TASK: In your copy, leave out the pictures and output only the lines from the one holding "- Buti, L.;" through the end of the data below, exactly.

[INFORMATION SHOWN — start]

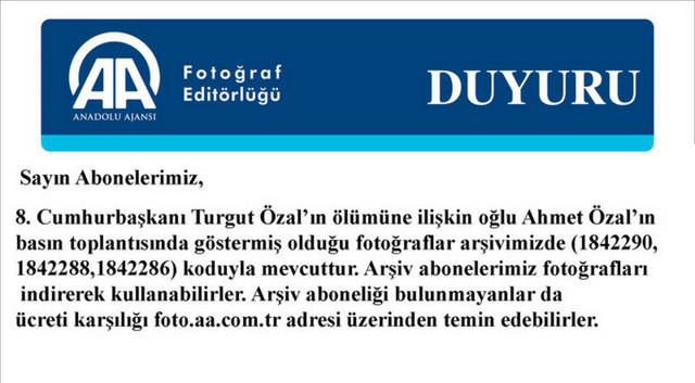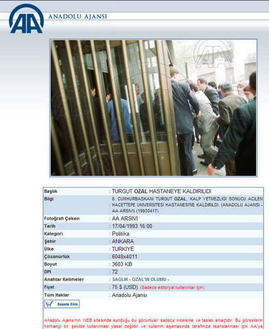Ahmet Özal'ın, düzenlediği basın toplantısında "Babamın fotoğrafı, yürüyerek hastaneye giriyor" dediği fotoğrafı ve 2 benzer kareyi Anadolu Ajansı, abonelerine yeniden servis etti. Özal'ın 'babam' dediği kişinin Özal olmadığı öne sürülürken, takım elbiseli bu kişinin Özal'ın sedyesini iten kişilerden biri olduğu ve bu kişinin de koruma polislerinden biri olabileceği ifade edildi. Fotoğraflarda, hastane kapısındaki kişilerin de, muhtemelen sedyede yatan bir kişiye doğru baktıkları dikkat çekiyor.
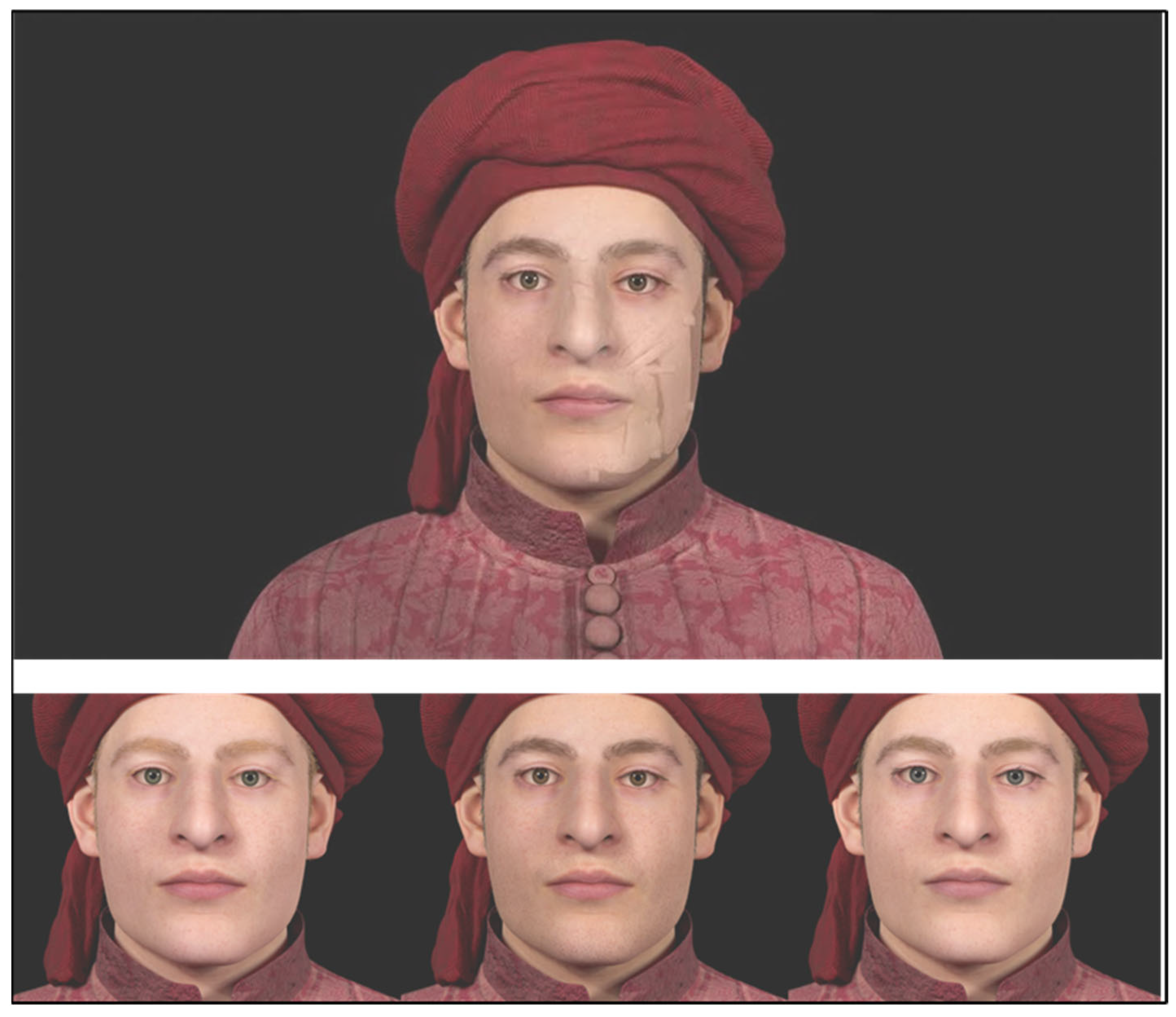 - Buti, L.; Gruppioni, G.; Benazzi, S. Facial Reconstruction of Famous Historical Figures: Between Science and Art. In Studies in Forensic Biohistory: Anthropological Perspectives; Stojanowski, C.M., Duncan, W.N., Eds.; Cambridge Studies in Biological and Evolutionary Anthropology; Cambridge University Press: Cambridge, UK, 2017; Chapter 9, Volume 75; pp. 191–212. ISBN 131694302X/9781316943021. [Google Scholar]
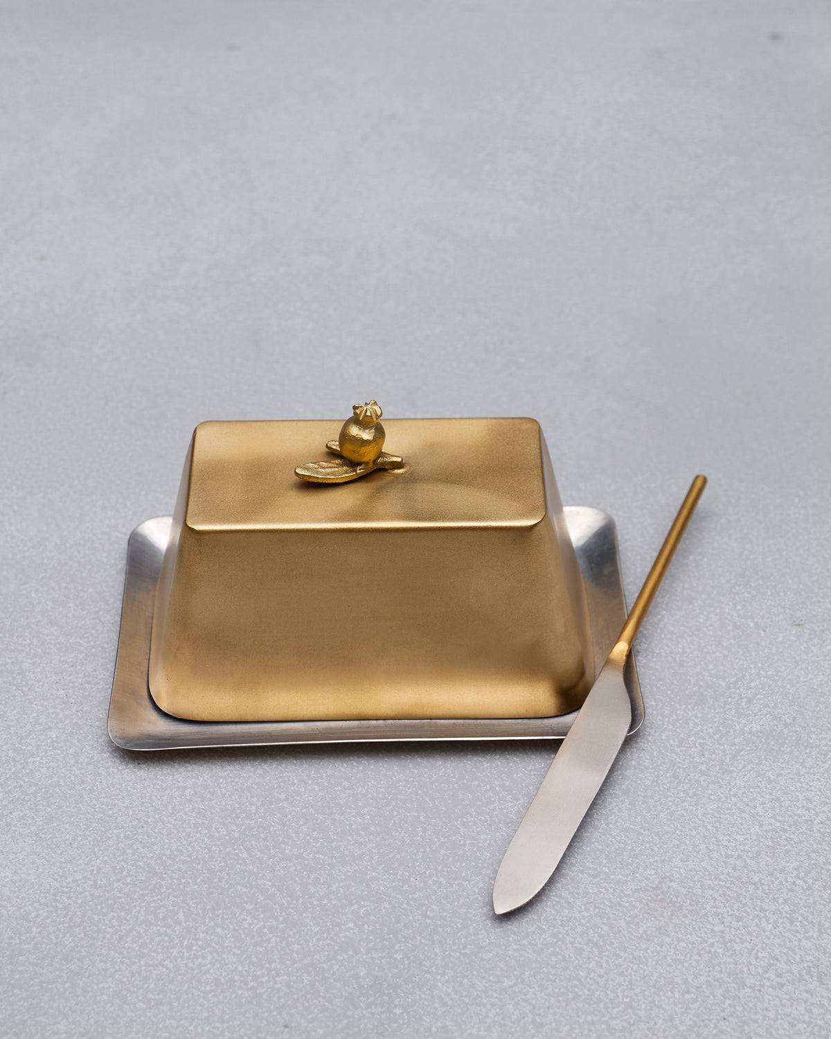- The Anar Butter Dish is a charmer, a gilded brass butter dish and knife that adds beautifully to your breakfast table.

[INFORMATION SHOWN — finish]

RESPONSE TO THIS EXERCISE:
 - Buti, L.; Gruppioni, G.; Benazzi, S. Facial Reconstruction of Famous Historical Figures: Between Science and Art. In Studies in Forensic Biohistory: Anthropological Perspectives; Stojanowski, C.M., Duncan, W.N., Eds.; Cambridge Studies in Biological and Evolutionary Anthropology; Cambridge University Press: Cambridge, UK, 2017; Chapter 9, Volume 75; pp. 191–212. ISBN 131694302X/9781316943021. [Google Scholar]
- The Anar Butter Dish is a charmer, a gilded brass butter dish and knife that adds beautifully to your breakfast table.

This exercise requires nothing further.